The paper’s four scenario proposals included rises in the 40p higher rate and 45p top rate of income tax in April next year, with three of them also backing a penny rise in the 20p basic rate and a 50p top rate. One proposal argued for the creation of three additional income tax bands, making a total of six rates.
The plans, if introduced, would mean anyone earning more than £24,000 paying higher tax; those earning £50,000 would pay up to £260 more, while a higher earner on £90,000 could face an increase of £810. But the First Minister described the increases as “modest” and said they were needed to maintain vital public services.
The case for them rests on two broad assumptions: first, that they would enjoy widespread public support; and second, that they would work to boost economic growth.
There is a strong predisposition across much of Holyrood for tax rises – championed by Green MSP Patrick Harvie, while Scottish Labour’s tax rise proposals would go even further. Many lower income households would support greater spending on social protection and welfare, while public sector workers would cheer an end to the one per cent limit on pay rises.
But it is one thing for voters to cheer higher public spending; supporting tax rises is quite another. Voter approval for such measures tends to cool in the privacy of the polling booth – as the SNP found to its cost in its “penny for Scotland” campaign in 1999, which was quickly dropped a year later.
And would the outlined rises be enough to meet Holyrood’s spending ambitions? Scottish Labour’s Jackie Baillie argued last week that the SNP’s tax rises would not be enough. “To end austerity,” she declared, “you need to raise more than £800 million in revenue over the next two years; that’s before we consider additional commitments.” Yet the government’s paper “raises a maximum of £290 million”.
There would also be questions about likely behavioural response: hefty tax rises at the top end would see high earners taking steps to mitigate the effects – switching from conventional earnings, for example, to more tax sheltered dividend payments, accepting lower pay in return for other forms of remuneration, or moving domicile. And if the proposed higher tax rates do not yield the anticipated amount, this opens the prospect of higher taxes lower down the income scale, or other tax raising proposals.
As for beneficial macro-economic effects, it is hard to see how higher tax rates would incentivise people to work harder or longer. And how would Scotland be able to attract middle and high earners from the rest of the UK to move here?
Business reaction is notably apprehensive. Liz Cameron, chief executive of the Scottish Chambers of Commerce, said: “Given the options presented, it is possible that over one million Scots could see a cut in their take-home pay… Many households will already be looking at tightening discretionary spending.
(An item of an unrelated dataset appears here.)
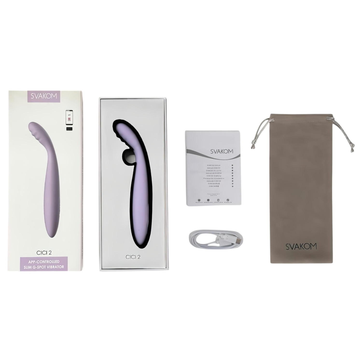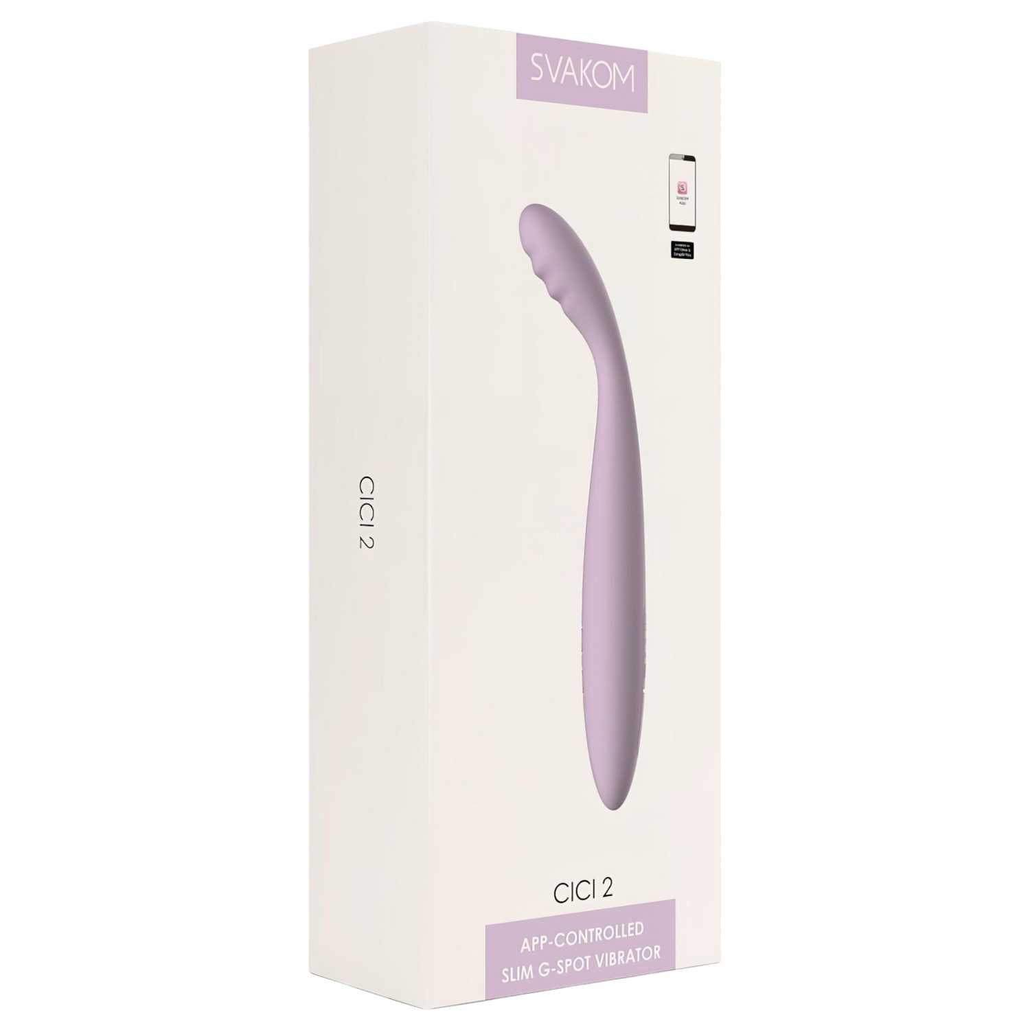 A Cici 2 G-pont vibrátor a SVAKOM-tól egy karcsú, könnyen kezelhető eszköz, amely rugalmas, bordázott fejével precíz stimulációt nyújt a G-pont, a csikló és más erogén zónák számára.

Therefore, increasing income taxes at a time of already squeezed household incomes may not be the route of enabling economic growth.”
David Lonsdale, director of the Scottish Retail Consortium, has warned: “Many workers are already contending with rising inflation, higher council tax and pension contributions, causing them to carefully consider what purchases they can afford.”
And Andy Willox, Scottish policy convener of the Federation of Small Businesses, added: “With domestic spending power already under pressure, is this the time to take more from household budgets?”
Debate on these tax raising options must range far wider and deeper than just the Holyrood big spenders.